Es el mismo problema, cuando entre aquellos que tienen un futuro no tan promisorio, se encuentran aquellos miembros de familia que van abandonando el campo, porque la tierra con la que contaban sus abuelos podría dividirse entre muchos, y ya no es la esperanza que abrigaban las generaciones anteriores.
CORRIENTES DE RESPETO
Guillermo Pizzuto recuerda que se reunía en la sala de su casa con el doctor Salvador Nava Martínez, y coincidían con amistades de diferentes corrientes políticas.
Sin embargo, explica que él se ha reunido con sus amigos que piensan diferente, y “a veces en las discusiones pareciera que ya van a sacar la pistola para matarse, pero no entienden que forman parte de diversas corrientes que deben respetarse, puesto que cada quien tiene su propio cielo, de acuerdo a su idea formada”.
Para el frenteciviquista, en su idea de democracia, un niño tiene el futuro asegurado si fue bien comido, bien educado, y con acceso a sus medicinas... “ese debe ser el enfoque, porque el progreso y la prosperidad que tengamos después será el resultado el trabajo y del esfuerzo de esos niños que ahora lo son y mañana serán jóvenes, y pasado mañana serán ya viejos”.
El también ex lcalde capitalino emanado del FCP, advierte que en la democracia, a eso se le llama desarrollo, y forma parte de los postulados del navismo, que generan un proyecto de nación, y no de ideologías partidistas.

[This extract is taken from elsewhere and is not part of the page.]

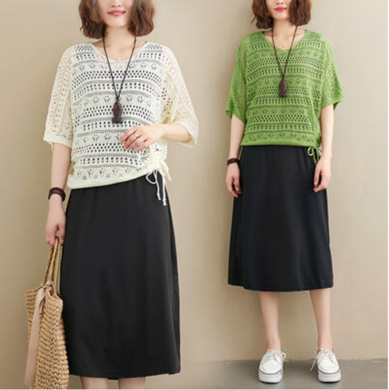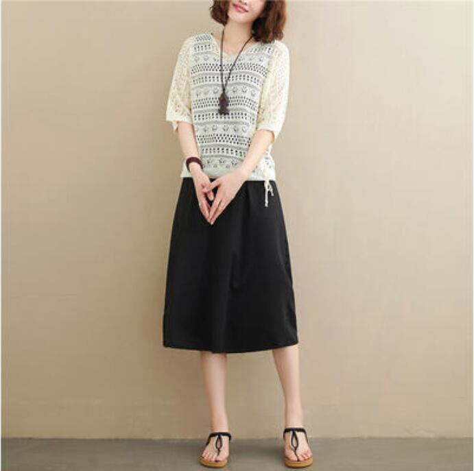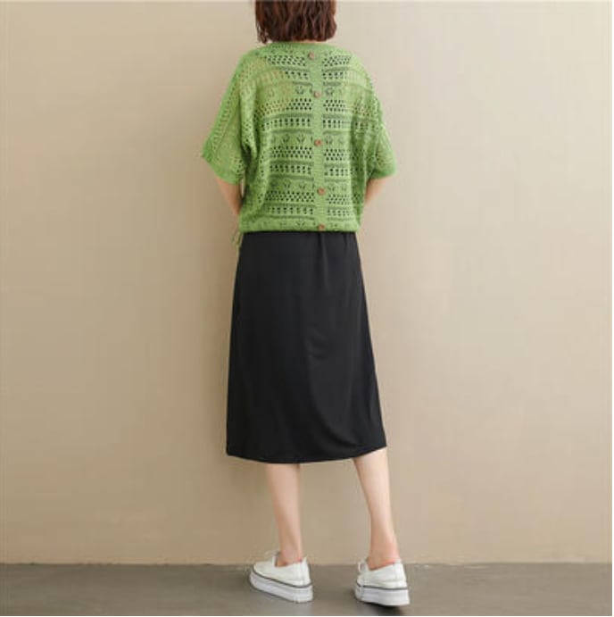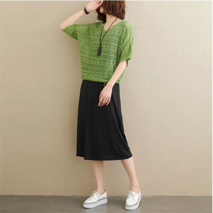 全2色 セットアップ 2点セット レディース カジュアル ワンピースセット おしゃれ 春 夏 カットソー ニット レース シンプル 可愛い 半袖 楽ちん ひざ丈 体型カバー 春秋 春夏 透け感 グリーン ホワイト 白 ブラック 黒 カーキ 20代 30代 40代 50代

Es decir, el asunto está totalmente fuera de contexto de la discusión ideológica o partidista de que si el petróleo o la energía son nuestros, porque nunca han sido nuestros. “A mí no me ha tocado nada... y no conozco a nadie que le haya tocado, pero sí sé de muchos a los que les ha tocado”.
Advierte que la educación tampoco debería estar a discusión ideológica. El ejemplo es el de la prueba PISA, que en la actual administración federal no se quiere que se aplique y sin embargo, es un instrumento de evaluación que aporta parámetros para conocer el nivel del país y su comparativa con aquellos tales como Finlandia o Hong Kong, países que tienen un enfoque humano de la educación.
“El gobernante debería gobernar bajo un enfoque humanista... su obligación es velar por las personas... aquí dime cuántos candidatos hablan de personas... ellos más bien dicen que van a tapar baches, que van a bajar las estrellas... no es cierto. El gobernante no está para hacer eso... el gobernante está para asegurarse que esa sociedad, y que esos niños, tengan la capacidad alimenticia y educativa para que sean adultos productivos para la sociedad y para México, no parásitos. Una persona que está educada y preparada, y sabe trabajar, come lo mismo que quien no hace nada, pero no aporta”.
Recuerda el contexto de Corea que, devastado por la guerra de los años 50, hoy es uno de los países más prósperos. Cuando entró el gobierno nuevo en los años 50s, él mismo definió que la prioridad de ese país era la educación, “que aquí confundimos educación con instrucción... la instrucción es que tú escribes en una hoja ‘primero, tomas un vaso; dos, pones 10 mililitros de agua; tres, echas 3 gotitas del frasco b’... Ese es una instrucción... tú lo puedes hacer, cualquiera que lo lea lo puede hacer así, sí, pero no entiende qué está sucediendo. La educación es saber por qué se hace eso, para qué se hace eso, cuál es el efecto de hacer eso, que son las ideas del diseño curricular con salidas y competencias que no hacen”.
Advierte que, para generar un ciudadano competente en la democracia, aquí el problema de este país es que “la educación es una enseñanza para la vida, pero si el gobierno se la pasa alimentando personas sin actividad formativa ni trabajo, esas cosas las vamos a pagar los mexicanos en 10, 15 o 20 años, porque vamos a tener un grupo de adultos que no tienen idea del significado de trabajar, que no tienen idea de qué quiere decir producir, y que no tienen idea de nada y que nomás están acostumbrados a extender la mano pidiendo caridad”.
Advierte que la participación democrática ubica ese contexto en la que actualmente es la creación de una sociedad en reversa a la tendencia del mundo moderno.